Autoimmune Nutrition
The Autoimmune Protocol (AIP) Diet: What the Evidence Actually Says
The autoimmune protocol (AIP) is a structured elimination diet developed within the paleo community in the early 2010s and now used widely — and often unsupervised — by people with Hashimoto's, IBD, lupus, rheumatoid arthritis, psoriasis, and unexplained 'inflammation.' It removes a long list of foods believed to trigger immune dysregulation in susceptible people, then systematically reintroduces them to identify personal triggers. It is restrictive, polarizing, and surprisingly under-studied. The small body of human evidence we do have is more interesting than most clinicians realize and less conclusive than most influencers claim.

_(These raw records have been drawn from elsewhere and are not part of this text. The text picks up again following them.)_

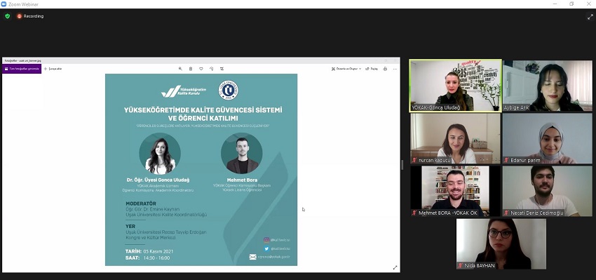 Yükseköğretim Kalite Kurulu (YÖKAK) Öğrenci Komisyonu tarafından 27-28 Ekim 2021 tarihlerinde çevrimiçi “Öğrenciler Süreçlere Katılıyor, Yükseköğretimde Kalite Güvencesi Güçleniyor: Öğrenci Toplulukları Çalıştayı” gerçekleştirildi.
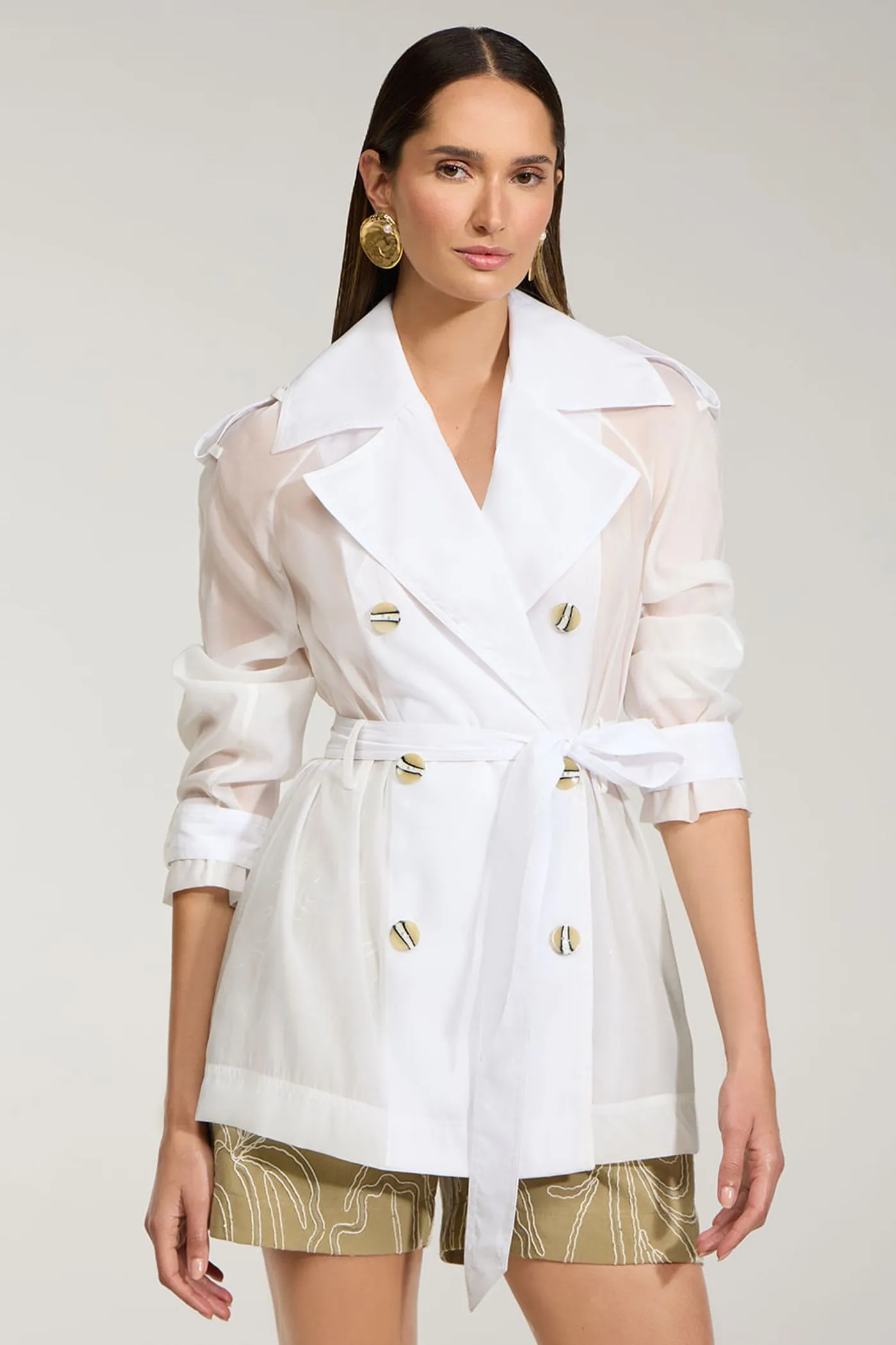 Parka Thamara Capelão confeccionada em organza off-white, um modelo contemporâneo que une leveza, sofisticação e informação de moda. A transparência elegante do tecido cria um visual fresh e moderno, perfeito para composições refinadas de verão e meia estação.
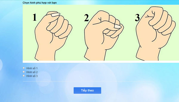 Nắm đấm của bạn cho thấy điều gì? - Tính cách của con người, của một ai đó có thể dễ dàng biểu hiện qua những cử chỉ, hành động đơn giản nhất. Với bài trắc nghiệm nho nhỏ của GameVui, bạn hãy thử xem có đúng hay không nhé chỉ bằng cách nắm bàn tay lại thành hình nắm đấm.

Here is the mechanistic rationale, every published human trial of the protocol, what AIP plausibly does and does not do, who should not try it, and how to run a reintroduction phase that actually earns its restriction.
The mechanistic rationale
AIP rests on three overlapping hypotheses: (1) certain foods increase intestinal permeability ('leaky gut') and allow incompletely digested proteins to interact with mucosal immunity, driving systemic inflammation [1]; (2) molecular mimicry between dietary proteins and self-tissues (e.g., gliadin and thyroid peroxidase) may amplify autoimmune signaling in genetically susceptible people; and (3) the modern Western dietary pattern shifts the gut microbiome toward dysbiotic, pro-inflammatory communities that worsen autoimmune activity. All three have mechanistic support; none are settled science. The diet operationalizes them by removing the most-cited dietary suspects — gluten, dairy, eggs, nightshades, legumes, nuts, seeds, sugar, alcohol, processed seed oils, food additives, and coffee.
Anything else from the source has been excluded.